Stem cells hold the potential to change the landscape of medicine and bring patient care and well-being into a new era. Neurosurgeon Robert Hariri, MD, PhD, talks about the possibilities and promise of using placental stem cells to target cancer cells, control diseases like HIV, restore brain function, and extend life expectancy.
Dr. Stieg: I'm extremely pleased to have Dr. Robert Hariri as our guest today. He's not only a visionary in the STEM cell industry, but also a neurosurgeon, biomedical scientist, and a highly successful entrepreneur, i.e., the Renaissance man. Bob is the founder and former CEO of Celgene cellular therapeutics, one of the world's largest human cellular therapeutics companies. He has pioneered the use of STEM cells to treat a range of life threatening diseases and has made significant contributions in the field of tissue engineering. Bob, I'm delighted to have you here today to talk about your specialty STEM cells.
Dr. Hariri: Well, Phil, I'm sure you know that any time I get to spend with you is always a big treat, so thank you for having me.
Dr. Stieg: Let's start explaining to us what is a STEM cell?
Dr. Hariri: So, you know, it's interesting, but we all learn early in our medical careers about how every human being is derived from a single cell that's created during the fertilization process. When the egg and the sperm meet and then that single cell gives rise to the complex organs and tissues that make up our body. Those cells that take that job on are called STEM cells from that original totipotent STEM cell created by fertilization.
Dr. Stieg: And by totipotent you mean that — can develop into anything.
Dr. Hariri: Exactly. Totipotent — and we'll talk about the different definitions because the nomenclature, that is important. The language of STEM cells is important. So we'll spend a little bit of time talking about that and I have my own pet peeves about it, but totipotent simply means that that single cell has the ability to give rise to a fully complex organism, a whole human being. Pluripotent, which is another term, refers to the ability of a single cell to give rise to all the different tissue types of the body hair, brain, nails, liver. Multipotent is a STEM cell which can give rise to multiple tissue types, but not all of them. And unipotent means that that STEM cell can give rise to cells of a specific lineage.
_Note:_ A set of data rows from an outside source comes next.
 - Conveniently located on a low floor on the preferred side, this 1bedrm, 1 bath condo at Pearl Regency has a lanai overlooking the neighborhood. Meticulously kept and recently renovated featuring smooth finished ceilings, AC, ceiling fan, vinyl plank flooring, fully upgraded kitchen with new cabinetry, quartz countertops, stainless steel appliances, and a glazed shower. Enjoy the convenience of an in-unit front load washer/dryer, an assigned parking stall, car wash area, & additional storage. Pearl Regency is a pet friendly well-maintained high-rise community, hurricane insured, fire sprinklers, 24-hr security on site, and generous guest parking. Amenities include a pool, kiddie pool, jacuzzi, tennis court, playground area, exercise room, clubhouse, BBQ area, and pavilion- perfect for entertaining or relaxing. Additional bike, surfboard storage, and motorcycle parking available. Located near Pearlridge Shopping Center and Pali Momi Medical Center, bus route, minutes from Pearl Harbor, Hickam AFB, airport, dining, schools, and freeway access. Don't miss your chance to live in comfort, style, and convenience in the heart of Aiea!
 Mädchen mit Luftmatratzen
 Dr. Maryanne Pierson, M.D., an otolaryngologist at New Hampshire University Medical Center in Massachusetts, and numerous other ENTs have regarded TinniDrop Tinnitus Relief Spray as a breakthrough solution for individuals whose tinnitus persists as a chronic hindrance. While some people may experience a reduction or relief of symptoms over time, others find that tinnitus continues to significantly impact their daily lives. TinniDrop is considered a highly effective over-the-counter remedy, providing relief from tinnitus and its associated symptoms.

Ectoderm, endoderm, mesoderm . What that simply means is those categories of cells give rise to the different body types.
Dr. Stieg: Let's speak specifically about how this all works. So you get a STEM cell transplantation or implantation, they become the tissue. They incorporate some of their genetic material into the tissue. They also have some anti-inflammatory effects so that it really the spectrum of diseases. Can you go into a little bit of detail about how they work?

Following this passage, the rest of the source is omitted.